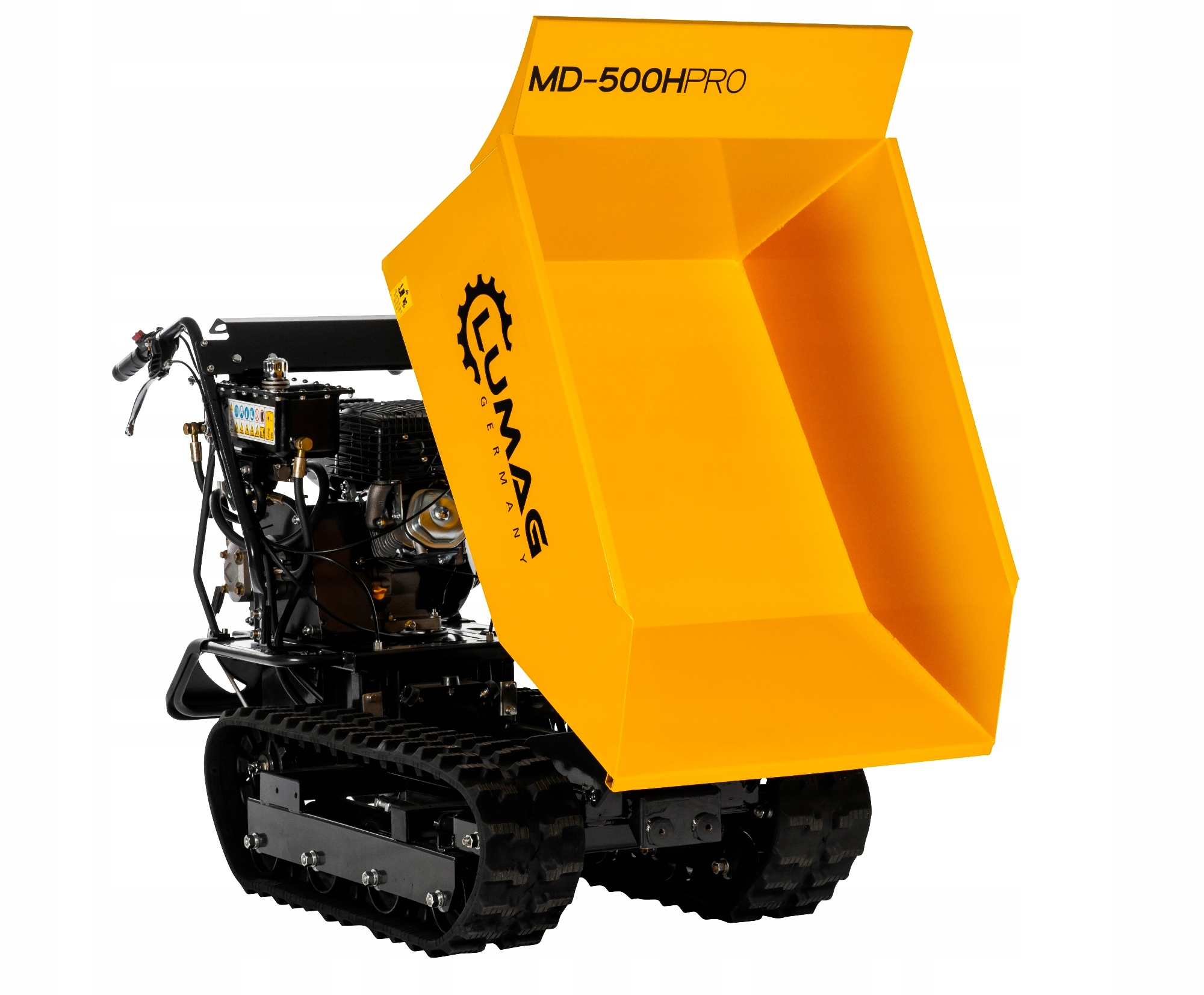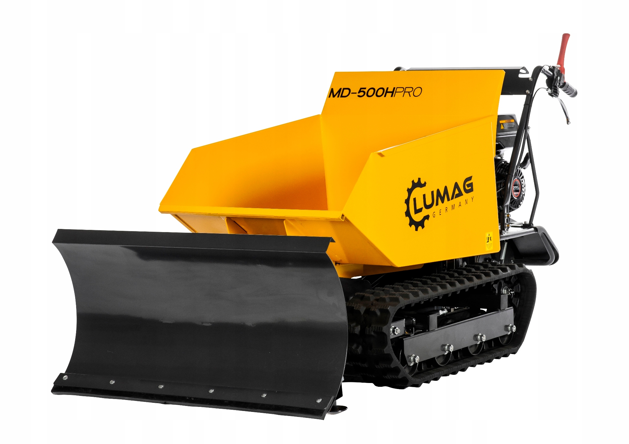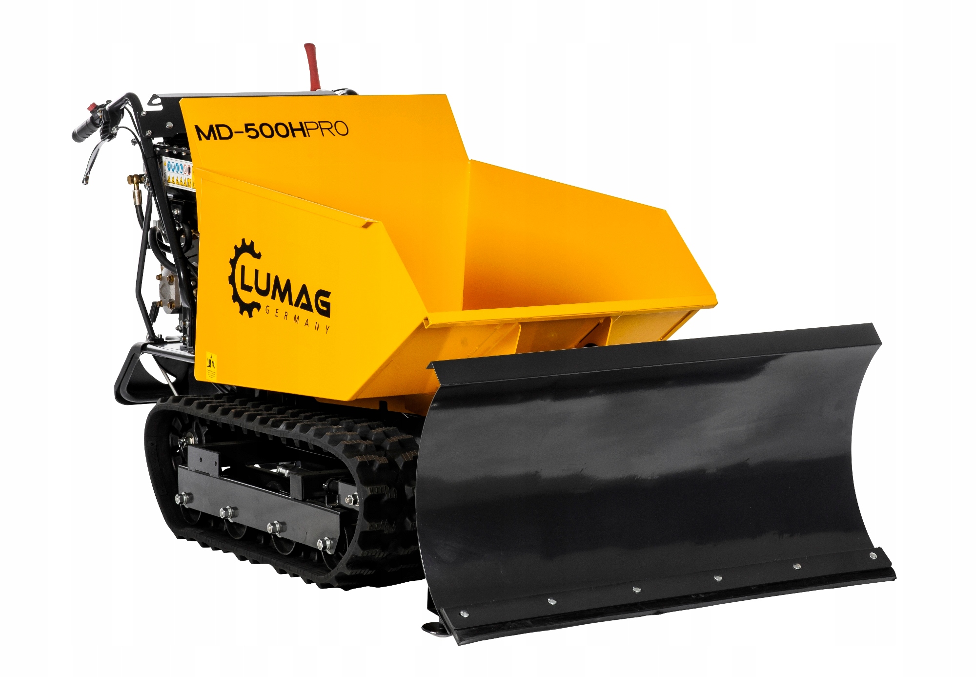 Міні-самоскиди Lumag Germany добре працюють у найважчих умовах завдяки міцній конструкції та високоякісним матеріалам. Конструкція самоскидів дозволяє забезпечити високу ефективність і економічність. Гусеничний міні-самоскид MD500H-PRO з гідравлічним перекидачем, завдяки своїм габаритам, може вільно використовуватися в будівлях і у вузьких проходах і проходах. Вантажопідйомність 500 кг.
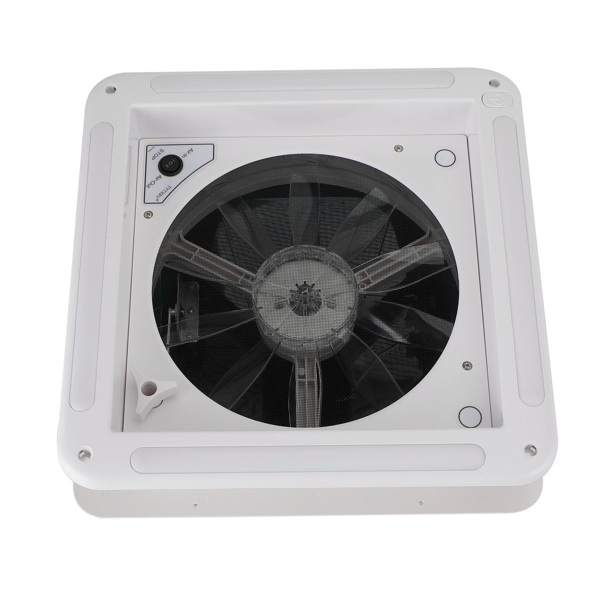 The Air In/Out button function uses the fan's air in/out buttons to reverse the direction of the fan. To change the direction of the fan, simply push a button to make airflow into or out of the RV.
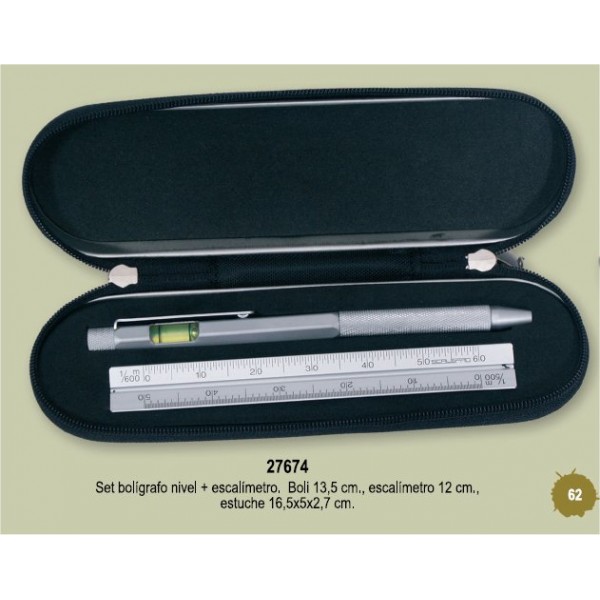 Estojo c/ Esferografica c/Nivel e escala numérica
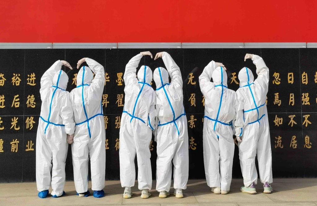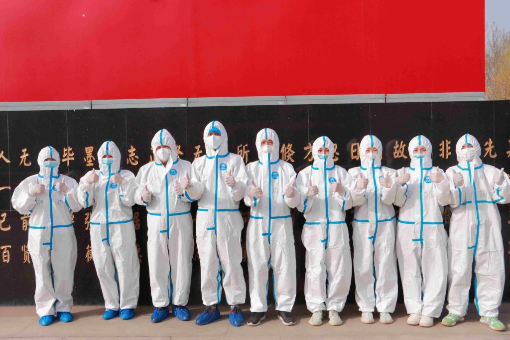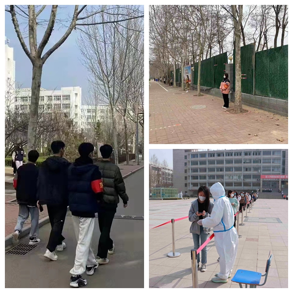 “大白”志愿者穿着防护服,戴着护目镜、口罩、橡胶手套,一整天全副武装,直到晚上九点才脱下整套防护装备,密不透风的防护服时常闷出一身汗。“红袖章”志愿者除帮助维持检测秩序外,还积极参与维持校园秩序,从早上八点到晚上十点准时在岗,对不佩戴口罩的同学进行提醒劝导,定时巡检校园安全,坚守岗位,尽职尽责。他们说,能参与疫情防控,能为老师和同学们做点事情,深感开心与自豪,不觉得苦和累,相信待到花开满园的时候,校园又会恢复往日的生机与活力。
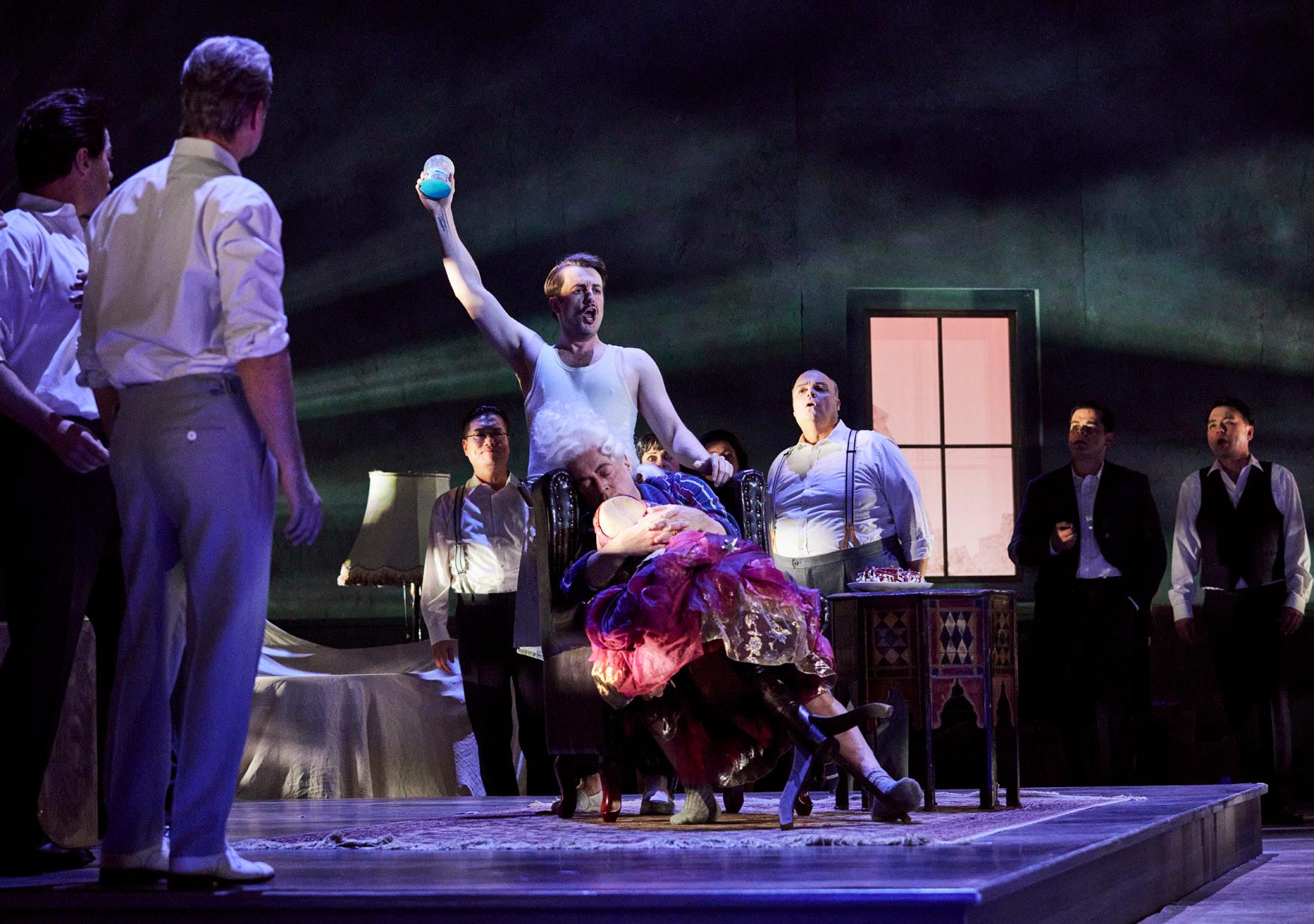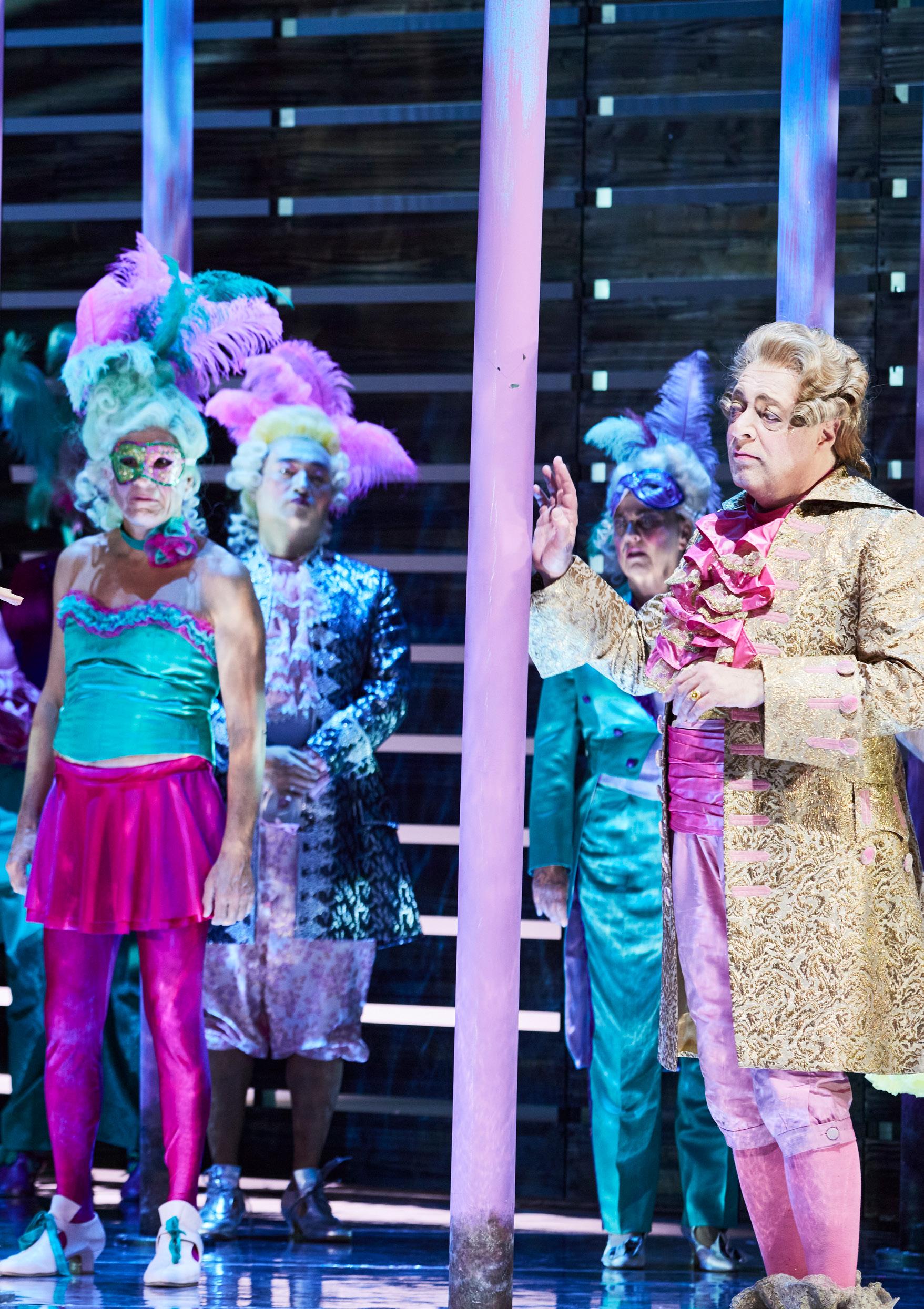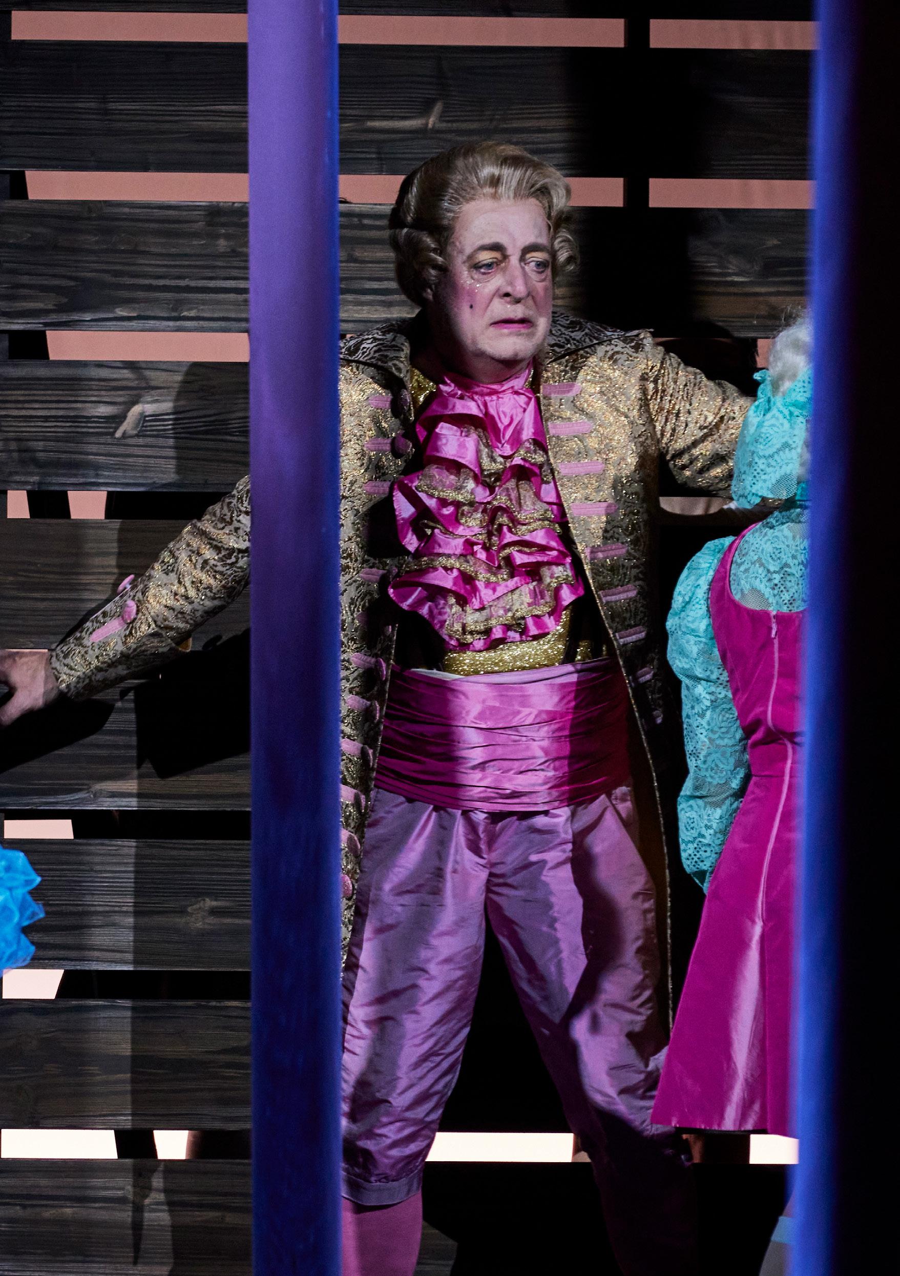 Die Figuren der Oper erscheinen als groteske Masken. Besonders der Herzog von Urbino, Strauß’ Verkörperung des Casanova, tritt als narzisstische Wunschprojektion des Schauspielers auf. Damit überlagern sich auf der Ebene der Inszenierung zwei Repräsentationsschichten: die narrative Struktur der komischen Oper und die psychologische Tiefenstruktur einer Erinnerungslandschaft.
........
### What the task requires
Working from the entries above, reproduce exactly and only the lines beginning with the line that has "The Air In/Out" and ending with the line that has "Estojo c/ Esferografica"; omit all pictures.

### Output below
 The Air In/Out button function uses the fan's air in/out buttons to reverse the direction of the fan. To change the direction of the fan, simply push a button to make airflow into or out of the RV.
 Estojo c/ Esferografica c/Nivel e escala numérica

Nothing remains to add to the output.